» Exercise instructions: While you copy the lines below, skip the pictures and keep the rest exact.

Data excerpts
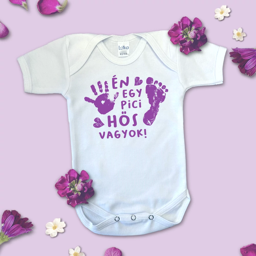 Ez a különleges babaruha az apró hősök számára készült, akik már életük első napjaiban megmutatták, milyen erősek. A „Én egy pici hős vagyok” felirat büszkén hirdeti a korababák különleges helyét a világban. Kisebb méretekben is kapható. 100% pamut anyagból készült, amely maximális kényelmet nyújt a legkisebbek számára is. Tökéletes ajándék minden hősies kisbaba számára!
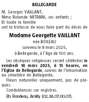 Décédée à Bellegarde (45270) le samedi 8 mars 2025
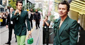 Harry Styles Pairs His Green Suit With a Floral Brooch and Matching Handbag
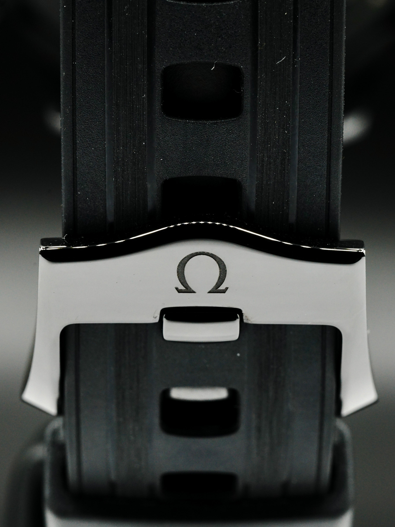 This Omega Seamaster Diver 300 features a 43.5mm black ceramic case with a display case back on a black rubber strap. This watch also sports a black dial with luminous hands and index dial markers covered by scratch resistant sapphire crystal.
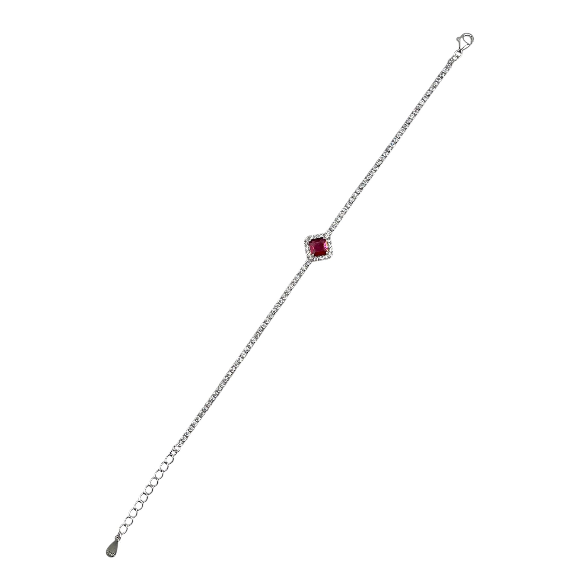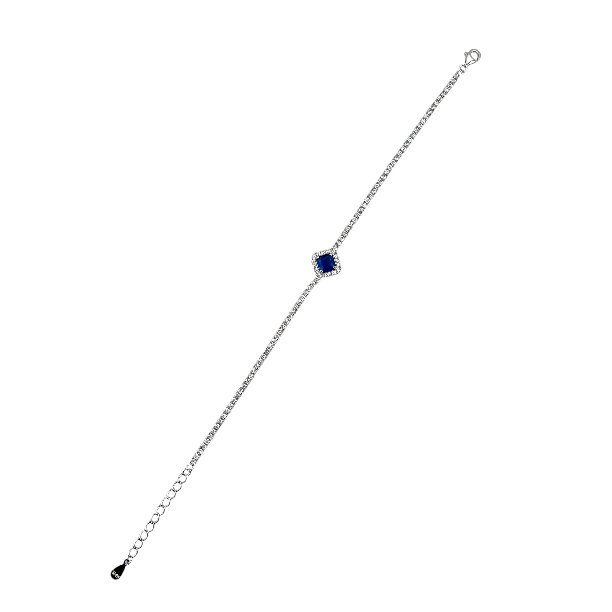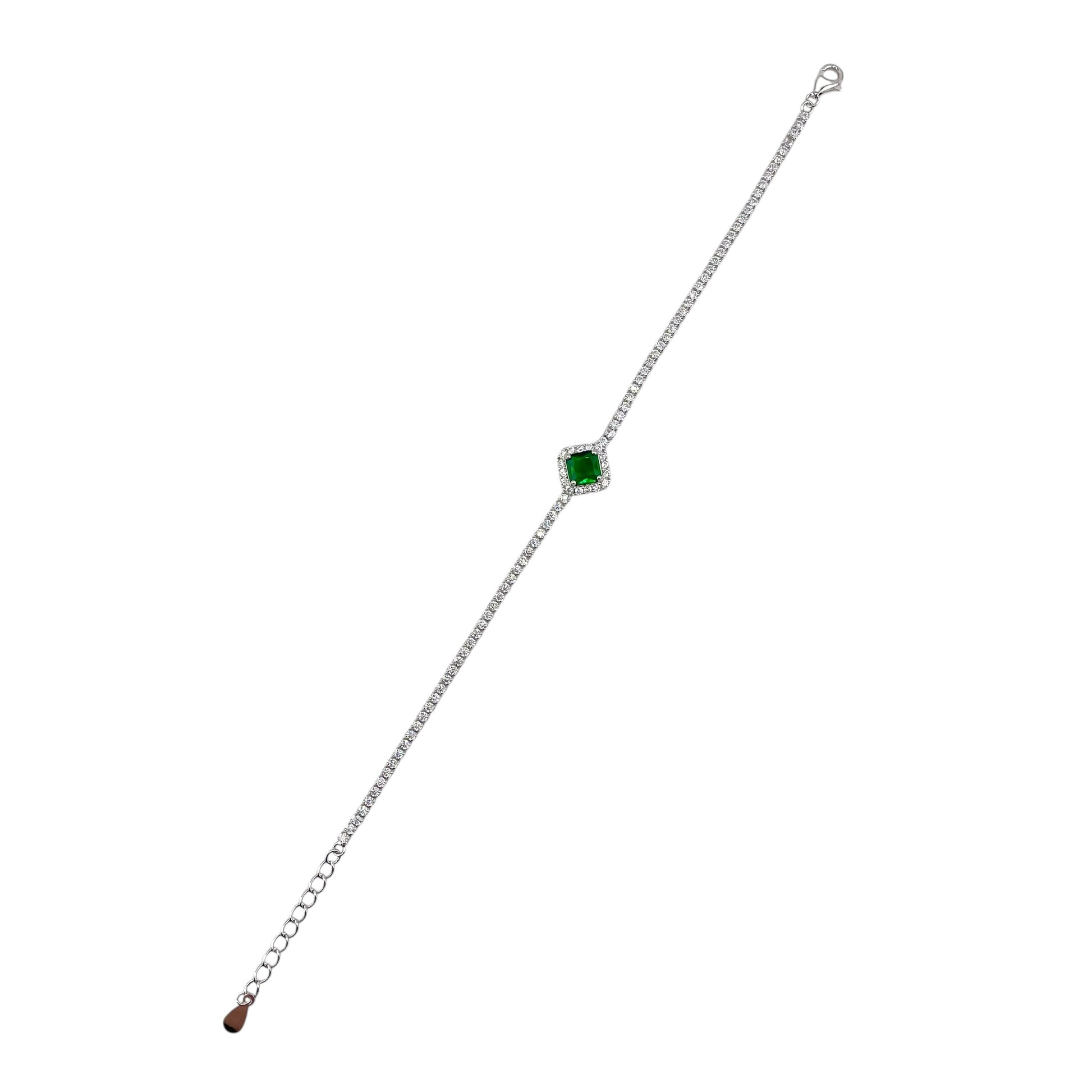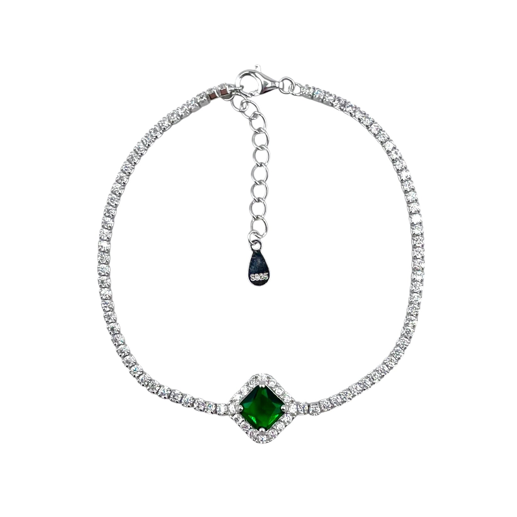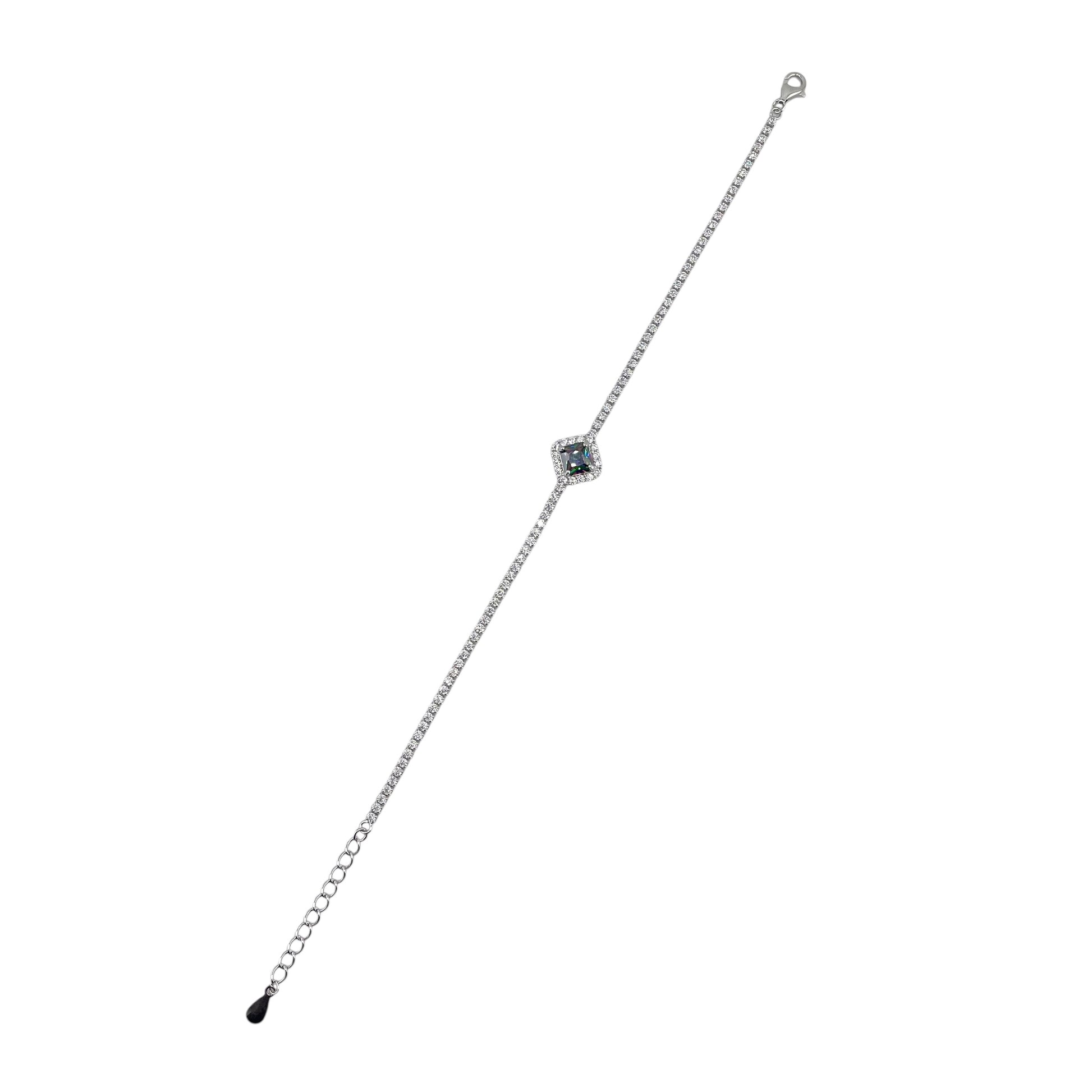 CZ Diamond Shape Link Bracelet Sterling Silver

» Written response:
 Ez a különleges babaruha az apró hősök számára készült, akik már életük első napjaiban megmutatták, milyen erősek. A „Én egy pici hős vagyok” felirat büszkén hirdeti a korababák különleges helyét a világban. Kisebb méretekben is kapható. 100% pamut anyagból készült, amely maximális kényelmet nyújt a legkisebbek számára is. Tökéletes ajándék minden hősies kisbaba számára!
 Décédée à Bellegarde (45270) le samedi 8 mars 2025
 Harry Styles Pairs His Green Suit With a Floral Brooch and Matching Handbag
 This Omega Seamaster Diver 300 features a 43.5mm black ceramic case with a display case back on a black rubber strap. This watch also sports a black dial with luminous hands and index dial markers covered by scratch resistant sapphire crystal.
 CZ Diamond Shape Link Bracelet Sterling Silver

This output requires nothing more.